阿尔茨海默病（AD）的早期检测仍然是一项艰巨的临床挑战，但新兴的基于血液的检测显示出在认知症状出现之前识别高危个体的希望。这是第一个综合比较多种血液AD生物标志物的质谱分析和免疫分析平台，也是第一个将这些发现整合到临床实施的统一路线图中的研究。在这篇综述中，我们比较了高通量质谱法和超灵敏免疫分析法用于定量循环淀粉样蛋白-β亚型，磷酸化tau物种（p-tau181, p-tau217），神经丝轻链（NfL），胶质纤维酸性蛋白（GFAP）， YKL-40和选定的炎症标志物。单个生物标志物的诊断准确度（AUC）高达0.90，通过机器学习模型将这些蛋白质特征与APOE ε4基因型、简短认知评估和神经成像相结合，可将临床前AD与正常衰老的区分准确率提高到80%以上。我们追溯了从最初的发现到分析验证再到临床实施的路径，强调了关键的障碍，如样本收集的可变性、有限的队列多样性和监管要求。未来的工作必须标准化分析前协议，扩展人群验证，改进超灵敏检测技术，并将蛋白质组学数据与基因组学和其他“组学”层结合起来，以实现常规血液筛查。这些协调一致的努力为改变阿尔茨海默病的早期诊断和实现及时、个性化的干预提供了明确的路线图。

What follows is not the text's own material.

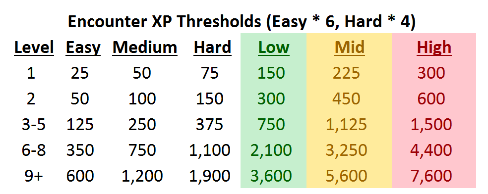 I was looking at your table of Encounter XP threshold and found that you are tiering the encounters unlike me. I looked upon the XP Threshold per Level and saw that there is some jumps in difficulty that match the Tiers of Play from DMG. For example, you grouped the levels 3, 4 and 5 but even on your table first Encounter XP Threshold you will see that Deadly encounters for level 4 are Easy Encounters for Level 5, so characters of level 5 will cakewalk this entire tier.

本文章由计算机程序翻译，如有差异，请以英文原文为准。

求助全文

约1分钟内获得全文求助全文

来源期刊

Clinica Chimica Acta 医学-医学实验技术

CiteScore

10.10

自引率

2.00%

发文量

1268

审稿时长

23 days

期刊介绍： The Official Journal of the International Federation of Clinical Chemistry and Laboratory Medicine (IFCC) Clinica Chimica Acta is a high-quality journal which publishes original Research Communications in the field of clinical chemistry and laboratory medicine, defined as the diagnostic application of chemistry, biochemistry, immunochemistry, biochemical aspects of hematology, toxicology, and molecular biology to the study of human disease in body fluids and cells. The objective of the journal is to publish novel information leading to a better understanding of biological mechanisms of human diseases, their prevention, diagnosis, and patient management. Reports of an applied clinical character are also welcome. Papers concerned with normal metabolic processes or with constituents of normal cells or body fluids, such as reports of experimental or clinical studies in animals, are only considered when they are clearly and directly relevant to human disease. Evaluation of commercial products have a low priority for publication, unless they are novel or represent a technological breakthrough. Studies dealing with effects of drugs and natural products and studies dealing with the redox status in various diseases are not within the journal''s scope. Development and evaluation of novel analytical methodologies where applicable to diagnostic clinical chemistry and laboratory medicine, including point-of-care testing, and topics on laboratory management and informatics will also be considered. Studies focused on emerging diagnostic technologies and (big) data analysis procedures including digitalization, mobile Health, and artificial Intelligence applied to Laboratory Medicine are also of interest.